When higher education doesn't mean higher pay
Most people see education as a way to climb the socioeconomic ladder. But what happens when a college degree doesn't guarantee better pay?
That's an issue raised by new government research into America's low-wage workers -- employees earning $16 or less per hour. The share of low-paid workers has remained at about 40 percent of all American employees since 1995, but the group has gone through one surprising change: Those baristas and cashiers are much more educated today than they were two decades ago.
The American labor force is undergoing massive transformations, with high-skilled and educated workers increasingly taking the lion's share of income gains. That's leading to an increase in college enrollment, on the theory that a piece of parchment will help secure higher lifetime earnings.
Although some majors are more likely to be correlated with lucrative salaries, such as computer science or other tech and math-related fields, the government's findings shed light on the fact that not all college grads go on to high-paying jobs.
About 22 percent of Americans who earn between $12.01 and $16 per hour now hold college degrees, compared with 16 percent in 1995, the report from the Government Accountability Office found. Other low-wage categories witnessed similar trends, with the share of employees earning the federal minimum wage or less -- $7.25 per hour -- rising from 70 percent in 1995 to 80 percent in 2016, it said.
While the report didn't break down which types of college majors are leading to low-paying jobs, some types of degrees are more likely to lead to underemployment, or working in roles that don't match the holder's skills, according to research from the Federal Reserve Bank of New York.
The top major for underemployment? Criminal justice, where 75 percent of graduates end up in low-skilled jobs. And no surprise, the second most-likely major to result in underemployment is the performing arts, where 65 percent of grads are working in jobs that don't match their skills.
Majors with the lowest rates of underemployment are nursing and chemical engineering, at 12.8 percent and 16.8 percent, respectively.

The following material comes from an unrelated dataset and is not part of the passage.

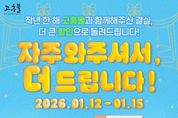 한방통신사 신다은기자 기자 | 고흥군이 운영하는 공식 온라인 쇼핑몰 고흥몰이 오는 1월 12일부터 15일까지 4일간, 단골 고객을 대상으로 특별 기획전 ‘자주 와주셔서, 더 드립니다’를 진행한다. 이번 기획전은 2025년 연간 최대 매출 달성을 기념하고, 그 성과에 기여한 구매 고객에게 감사의 뜻을 전하기 위해 마련됐다. 2025년 한 해 고흥몰 주문 횟수를 기준으로 고객별 차등 할인 혜택을 제공하는 것이 특징으로, 고흥몰을 꾸준히 이용해 온 단골 고객일수록 더 큰 혜택을 받을 수 있도록 설계된 고객 감사형 프로모션이다. 행사 기간 고객은 주문 이력에 따라 최대 50% 할인 쿠폰을 받을 수 있으며, 할인 한도는 최대 2만 원이다. 해당 쿠폰은 고흥몰 전 상품에 사용할 수 있어 설 명절을 앞둔 실속 있는 장보기에 도움이 될 것으로 기대된다. 고흥몰 관계자는 “이번 기획전은 고흥몰을 꾸준히 이용해 주신 고객께 실질적인 혜택을 통해 감사의 마음을 전하고자 기획했다”며 “앞으로도 고객 이용 데이터에 기반한 맞춤형 혜택과 충성 고객 중심의 프로모션을 지속적으로 확대해 나가겠다”고 말했다. 한편, 고흥몰은 고
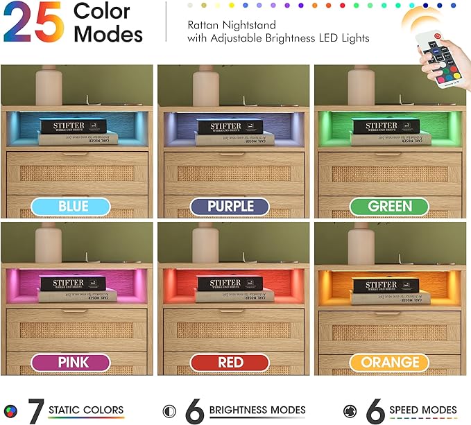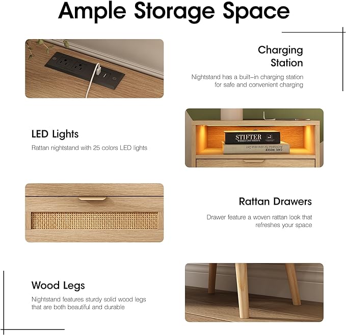 Rattan Nightstand with Charging Station USB Port Led Lights and 2 Storage Drawers, Bedroom Furniture Night Stand Bedside Table Bed Side Table End Table Sofa Table (1 Pack)

The rise in highly educated but low-paid American workers may point to a bigger, more worrisome issue: "degree inflation." That's when employers seek out college grads for jobs that once went to high school graduates. While that means more available jobs for college grads -- even in low- and middle-wage jobs -- it also increasingly shuts the door for Americans who hold only high school diplomas.
Degree inflation is making America less competitive by shutting out workers who don't have college degrees, according to a new study from Harvard Business School, Accenture and Grads of Life.
"One of the major causes, if not the leading cause, of degree inflation is an employer's perception that workers without a degree are not capable of performing more of today's middle-skills task," the report said. It calls for educational reforms to align high school curricula with the skills that employers need.
About seven out of 10 American workers don't have college degrees, which means those workers may increasingly be pushed out of the job market or into the lowest-paying roles.
The GAO report, which was prepared for Sen. Bernie Sanders (I.-Vermont), found that 20 percent of families that earn the federal minimum wage of $7.25 an hour live in poverty, compared with 5 percent of families that earn between $12 to $16 an hour. Sanders, who supports a federal minimum wage of $15 per hour, said the findings show baseline pay of $7.25 an hour "is a starvation wage."
"The gap between the richest Americans and everyone else is wider than at any time since the 1920s," Sanders said in a statement. "Instead of giving huge tax breaks to millionaires and billionaires, we must invest in critical programs that help working families make ends meet and lift millions of Americans out of poverty."
Reliance on some antipoverty government aid for poor families has increased over the past two decades. The GAO report found enrollment in Medicaid has tripled for families earning more than the federal minimum wage due to the recession and the expansion of Medicaid in some states under the Affordable Care Act.
Where are America's low-wage workers? Look to six industries, the GAO said: the food industry; retail and sales; office and administrative support; building and grounds cleaning and maintenance; personal care and service; and transportation and material moving.